I'm a lawyer. I have been practising law for 31 years. I spend a lot of time dealing with immigration files, particularly from Asia—Taiwan, Hong Kong, and mainland China.
Mr. Chairman and members, if these amendments are passed, we are going to lose confidence. Somebody who is highly qualified can wait for years and then be told by an officer, “Sorry, thank you very much for your application; I just got instructions from the minister, and I'm going to return your file. Thank you very much.”
I don't think that is fair. I don't think it is the Canadian way of doing business.
We are highly regarded internationally, and to have this kind of a law adopted, and then for me to present it to my community and prospective immigrants overseas, you can see the negative impact Canada is going to face as a result.
Mr. Chairman, there are already powers for this; you have already heard evidence in the submissions to you that the current law, the act and the regulations, allow the minister to do what she has announced she wants to do. The previous government did that. You can identify certain workers, the IT workers, for instance, and speed up their applications and have a special project to bring them in. But it did not work. Why? Because there was no coordination between the various government departments. There are other departments that are holding you up.
Why don't you use the wide network that the Department of Foreign Affairs and International Trade has worldwide? They know the overseas community well. We could tap into their expertise, their information, their intelligence. Work with them to find the immigrants we want. The minister has the power to do that under current law. Why don't we do that, and go out and actively recruit the skilled workers we need for our labour market? We don't have to fundamentally change the system. In 1976, when there was to be a big change to the system, a green paper was issued and there were wide public consultations. Everybody had input into this process.

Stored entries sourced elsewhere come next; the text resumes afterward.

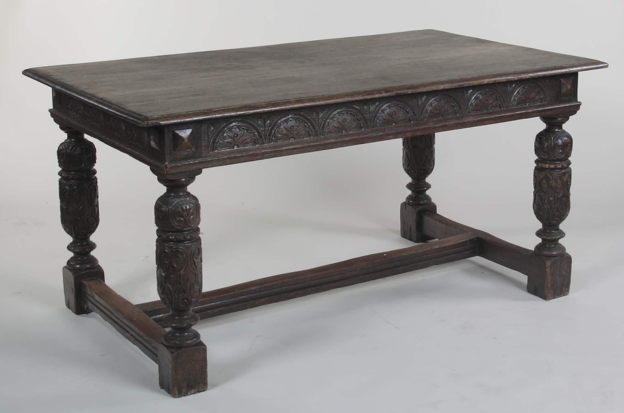 the moulded rectangular top over carved frieze panel raised on carved turned legs united by stretchers
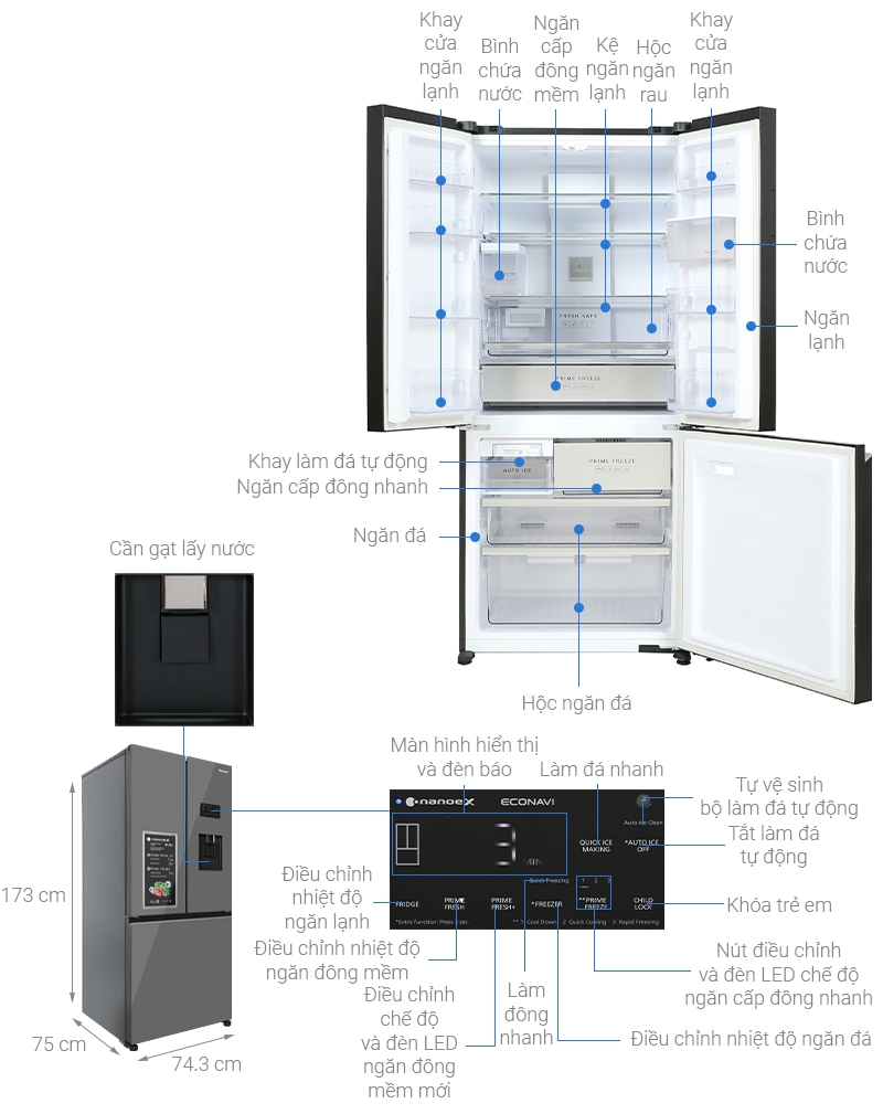 | Công nghệ diệt khuẩn, khử mùi | - NanoeX diệt khuẩn 99.99%, giảm 4.7 lần lưu lượng thuốc trừ sâu - AG+ clean kháng khuẩn, khử mùi - Lấy nước ngoài kháng khuẩn, khử mùi - Làm đá tự động siêu tốc kháng khuẩn, khử mùi |
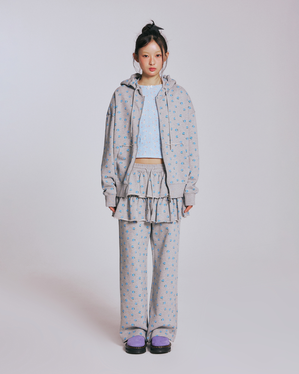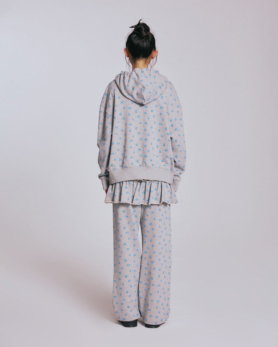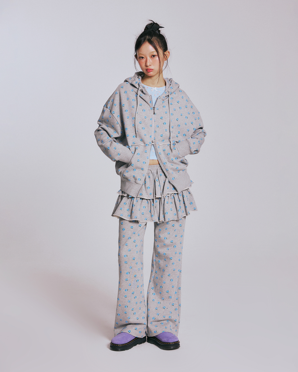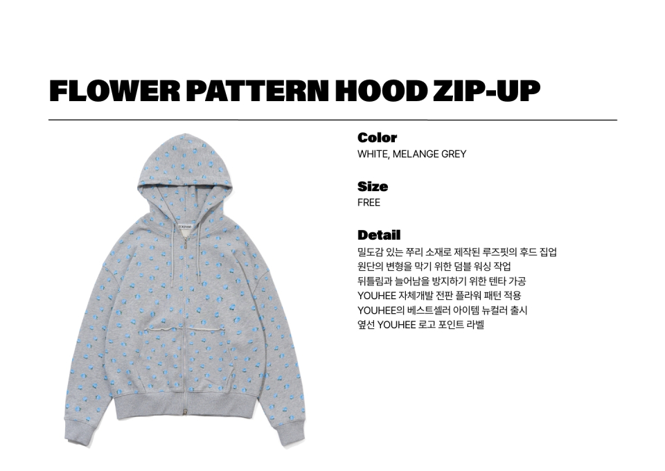 FLOWER PATTERN HOOD ZIP-UP_MELANGE GREY

So I submit to you, Mr. Chairman, that the proposed law is bad and the process is bad. We don't have to do it this way. It is important that we take this out. Let us have a proper proposal and draft legislation in front of Parliament and, more importantly, the draft instructions the minister is going to issue. Let us take a look at them and have input, and then we will come back with a very good Canadian legal framework for our prospective immigrants.